Work item –
From the line containing "Pantalone modello chino, molla" down to the last line of the entries, print each line exactly and leave the pictures out.

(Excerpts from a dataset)

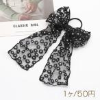 ヘアゴム フラワー 透かしレース ロングリボン 髪留め 髪飾り ヘアアクセサリー ※訳ありサービス品 返品不可(1ヶ)
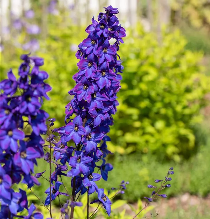 Delphinium pacific 'Black Knight' bildet gefüllte, in Rispen angeordnete, violette Blüten ab Juni. Bei richtiger Pflege Nachblüte von September bis Oktober.
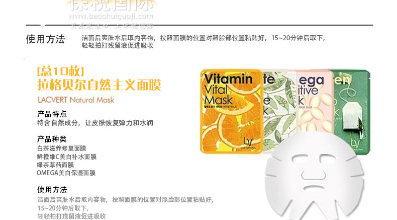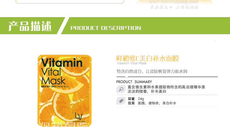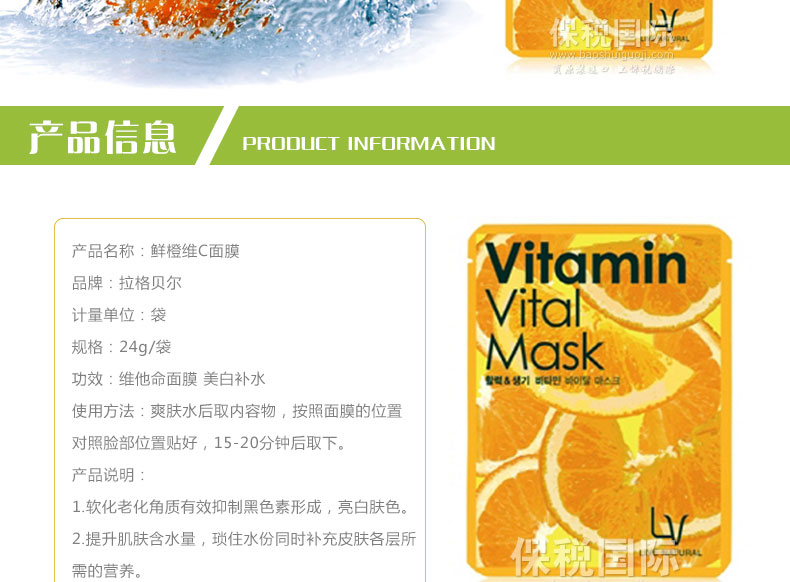 拉格貝爾 鮮橙維C 美白補(bǔ)水面膜 24g/袋?—— 1.軟化老化角質(zhì)有效抑制黑色素形成,亮白膚色。 2.提升肌膚含水量,瑣住水份同時(shí)補(bǔ)充皮膚各層所需的營(yíng)養(yǎng)。 |
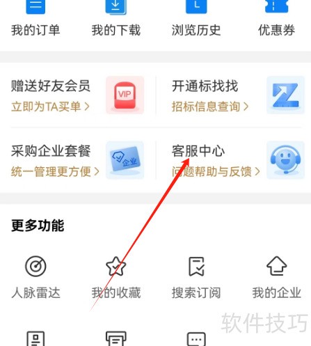 4、 进入安卓企查查个人中心,选择客服中心即可。
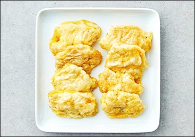 A6. 후추, 청주 같은 향신료를 줄이고 채소를 함께 섞어 부치면 순하고 맛있는 아이 반찬이 돼요. 부드럽게 조리해 주세요.
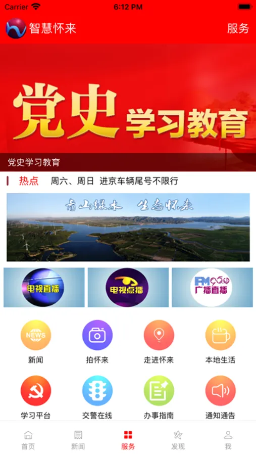 《智慧怀来》是怀来县广播电视台推出的一款官方综合性智能服务移动终端。内容涵盖电视广播直播、视频点播、本地政务通告、新闻资讯、发票摇奖、市政交通、学习教育、办事指南、旅游美食、文明监督等在线服务功能。可在线收听收看广播电视直播、节目点播,随时了解怀来新闻和国内外时事及社会资讯,具有机动车违章、快递、列车时刻、航班动态等查询功能,是集吃住行游购娱等于一体的便民综合服务平台。
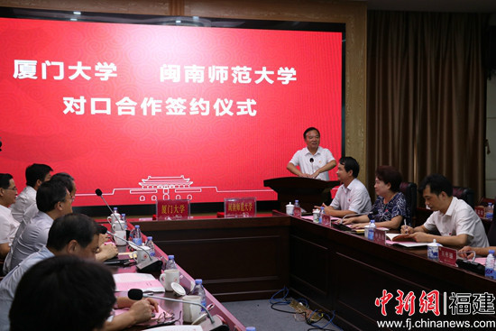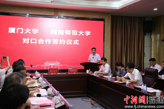 中新网福建新闻7月29日电(沈瑞芳) 28日,厦门大学与MK体育/mksport体育·官方网站对口合作签约仪式在闽南师大科技信息楼举行。厦门大学党委书记张彦、校长张荣,党委常务副书记李建发,党委副书记赖虹凯,党委常委、副校长、嘉庚学院党委书记叶世满,党委常委、副校长邱伟杰、江云宝,党委常委、宣传部部长、教师工作部部长、马院院长徐进功,党委常委、组织部部长、统战部部长孙理,闽南师大党委书记吴彬镪、校长李顺兴,党委副书记钟发亮、肖庆伟,党委常委、副校长蒋一婷、林致远、张龙海等领导出席签约仪式。签约仪式由闽南师大党委常委、副校长蒋一婷主持。
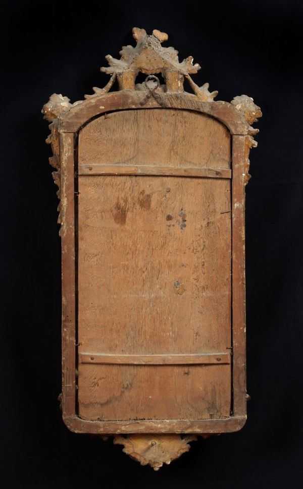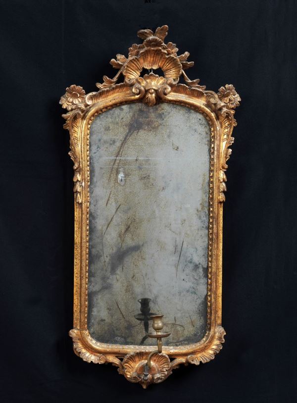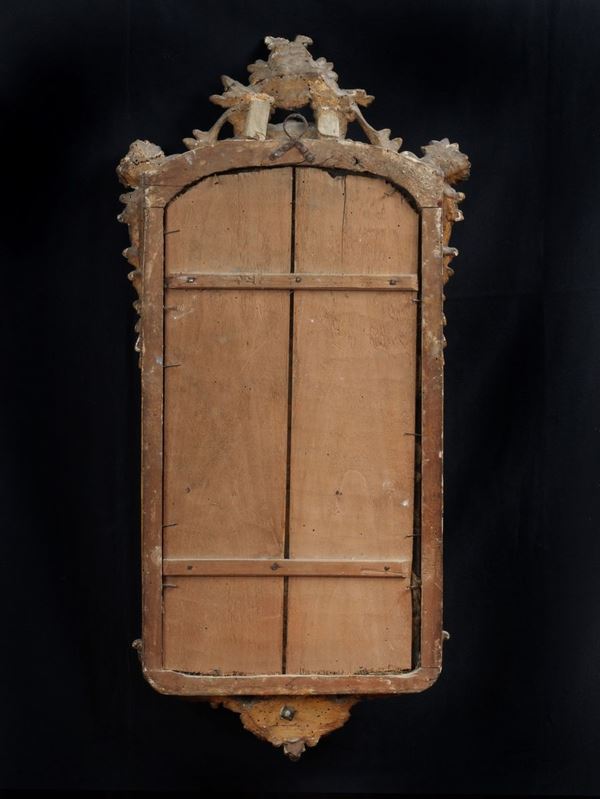carved with motifs of leaves, flowers and shells, in the center a candle holder. Mercury mirrors, 42 x 85 h each.
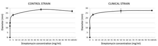 An assay to determine the streptomycin concentration that yielded the desired level of bactericidal effect was carried out, where S. aureus was tested against several concentrations of streptomycin using the standard EUCAST disc diffusion method []. S. aureus from both a clinical strain and a control antibiotic susceptible strain were used. Results showed that the minimum streptomycin concentration necessary to yield a noticeable bactericidal effect on both strains tested was 5 mg/mL. Below this concentration, the bactericidal effect was faint, whereas above it the effect was hardly enhanced (Figure 2). Therefore, 5 mg/mL was chosen to carry out our study.
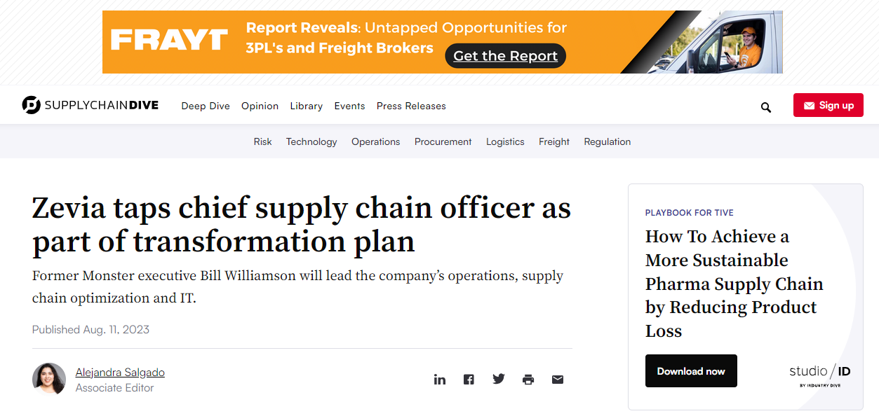 Source: Zevia taps chief supply chain officer as part of transformation plan by Supply Chain Dive
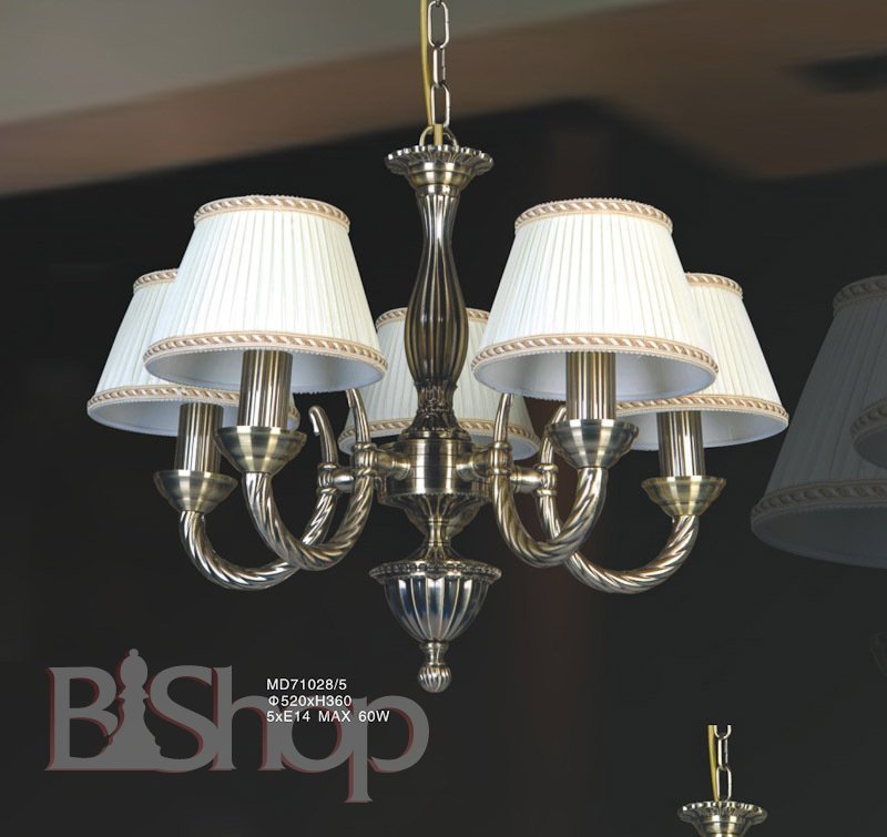 Кількість ламп: 5. Тип цоколя: E14. Висота (див): 36. Потужність лампи (Вт): 60. Діаметр (див): 52.
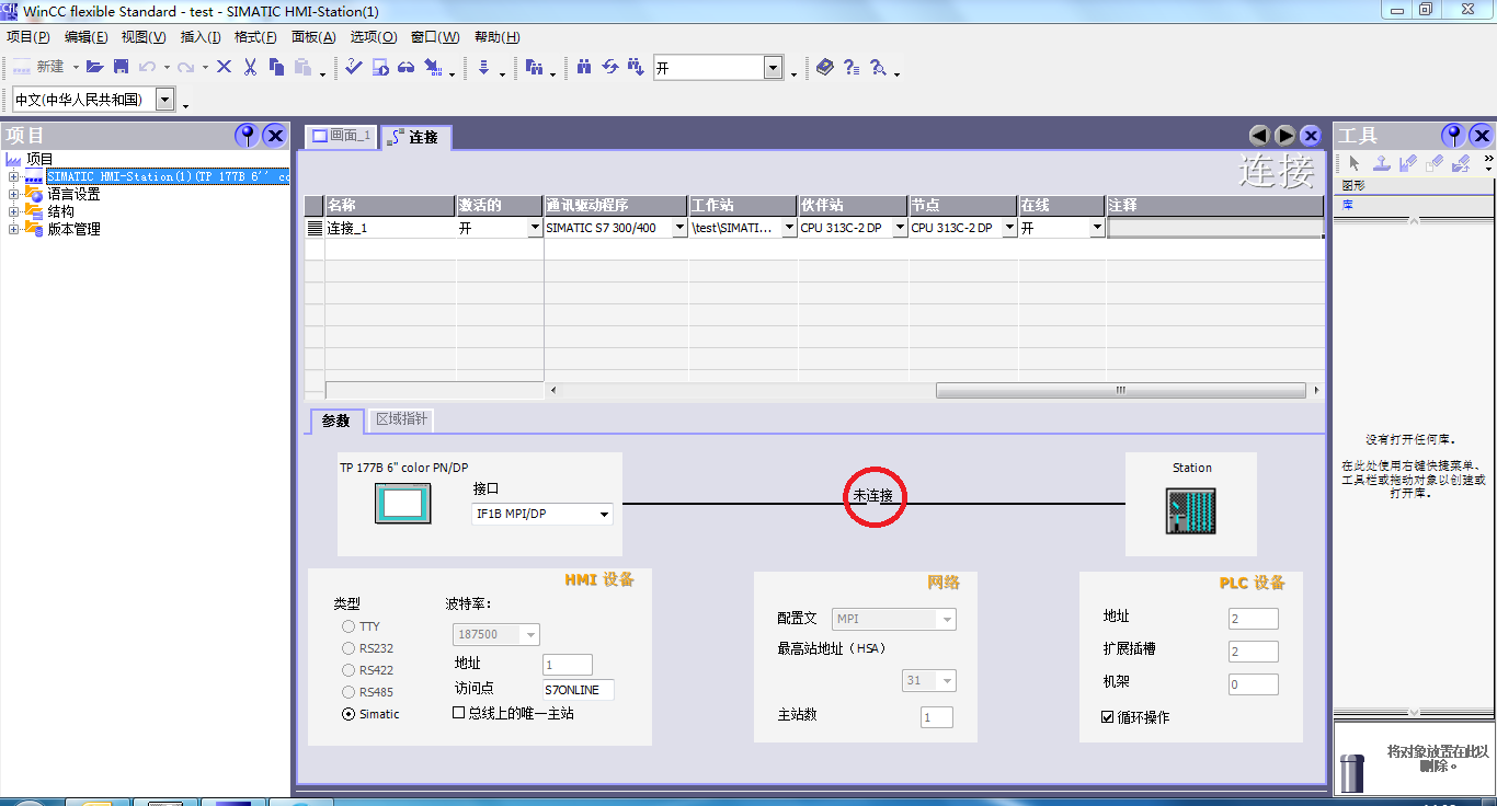 wincc里面的連接設置顯示未連接是怎么回事?求助各位大哥
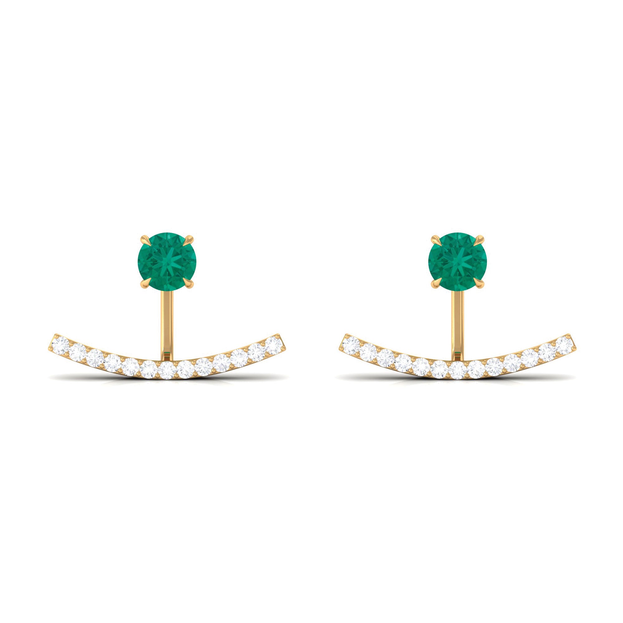 Add sophistication to your look with these classic Emerald and Diamond Jacket Earrings. The earrings feature a round-cut emerald in the center, surrounded by dazzling Diamonds in a jacket-style setting. Perfect for special occasions or everyday wear, they are sure to become a cherished piece in your jewelry collection. Experience the beauty of handcrafted jewelry with Rosec Jewels. These earrings make a great gift for a loved one or a special treat for yourself.
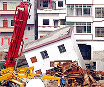 Many engineering machines were destroyed or damaged , while a residential building tilted, Liu said.
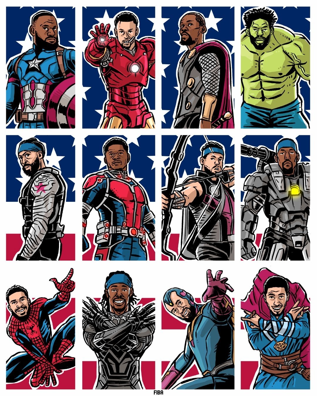 北京时间8月13日,FIBA官方在社交媒体晒出了一张美国男篮球员的漫威角色合照。
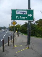 1/ proszę o usunięcie poza skrajnię lub odpowiednie oznakowanie elementów wygrodzeń i murów oporowych, znajdujących się w świetle ciągu pieszo - rowerowego. Zrozumiałe jest, że ciąg ten stanowi prowizorkę i nie może mieć przepisowej szerokości, co nie znaczy automatycznie, że można zrezygnować z przestrzegania pozostałych zasad
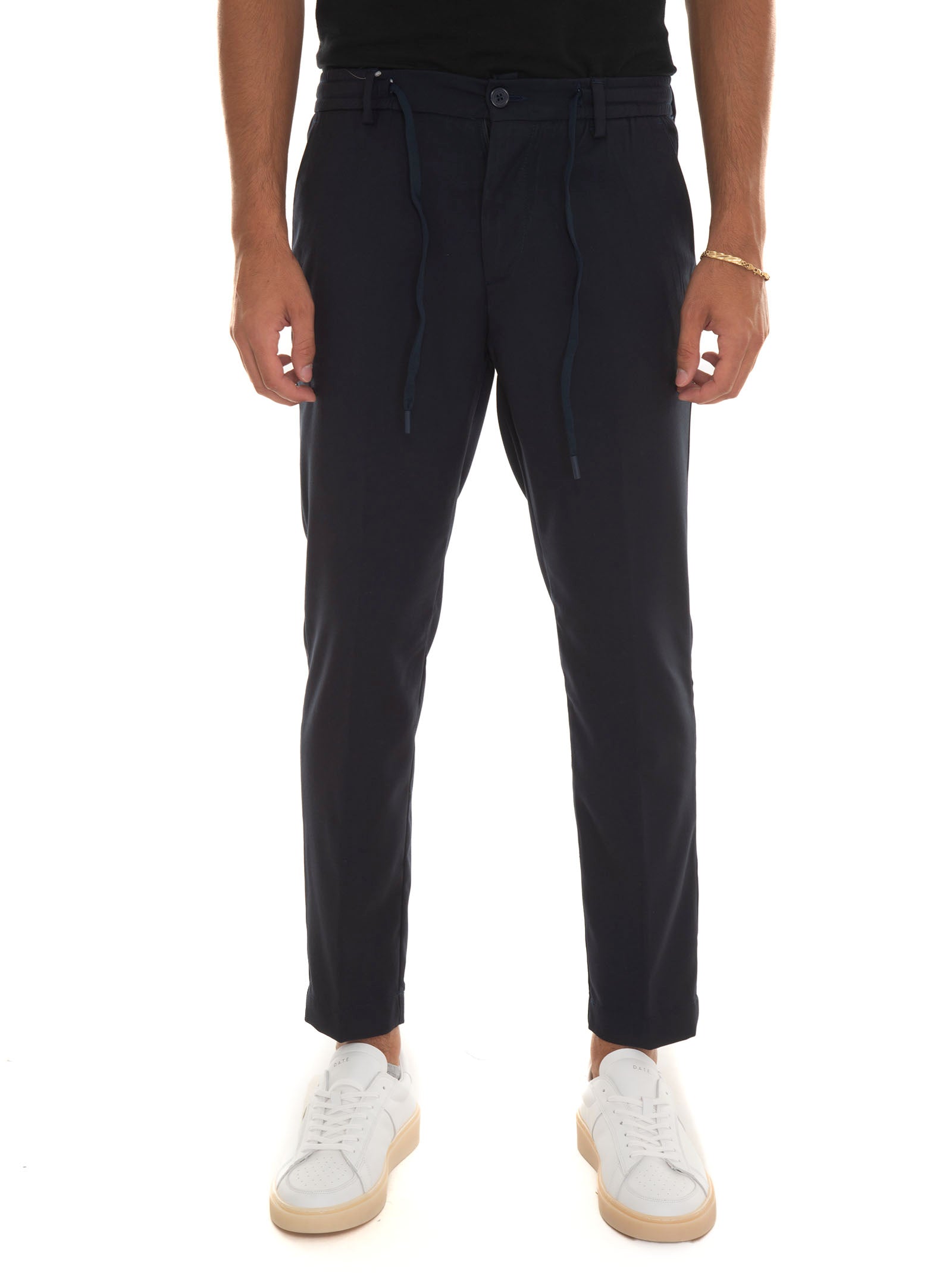 Pantalone modello chino, molla e laccio in vita, tinta unita, vestibilità regular, composizione: 63% poliestere, 34% viscosa, 3% spandex, spandexlinea: DETWELVE.
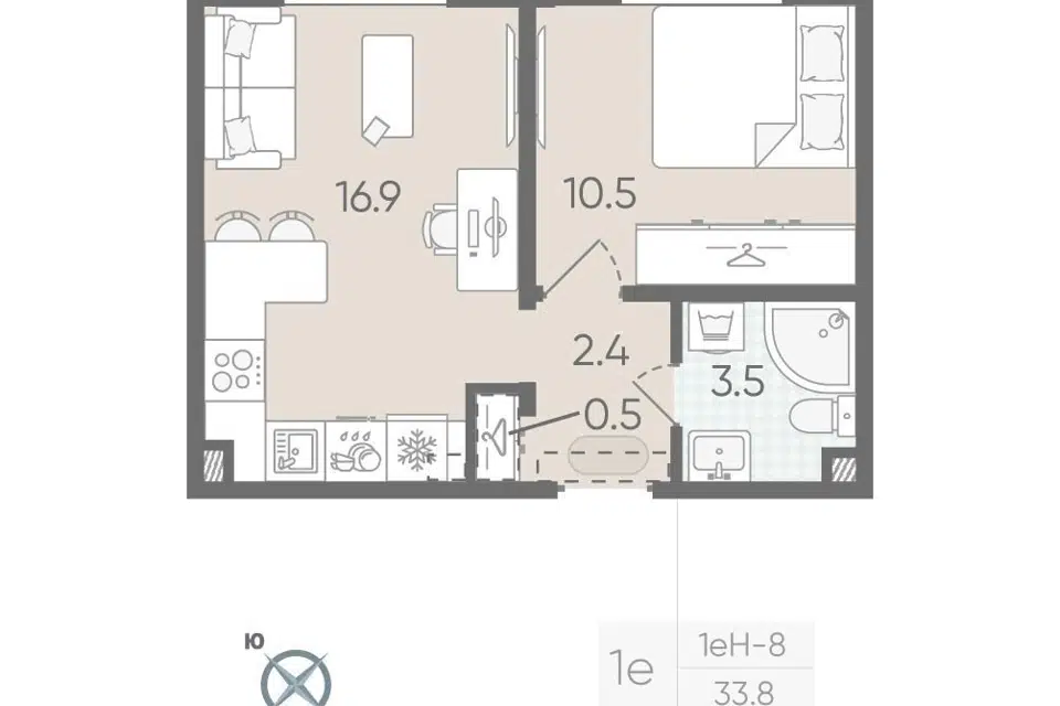 1-комн. кв., 33.8 м², 9/24 этаж

Answer space –
 Pantalone modello chino, molla e laccio in vita, tinta unita, vestibilità regular, composizione: 63% poliestere, 34% viscosa, 3% spandex, spandexlinea: DETWELVE.
 1-комн. кв., 33.8 м², 9/24 этаж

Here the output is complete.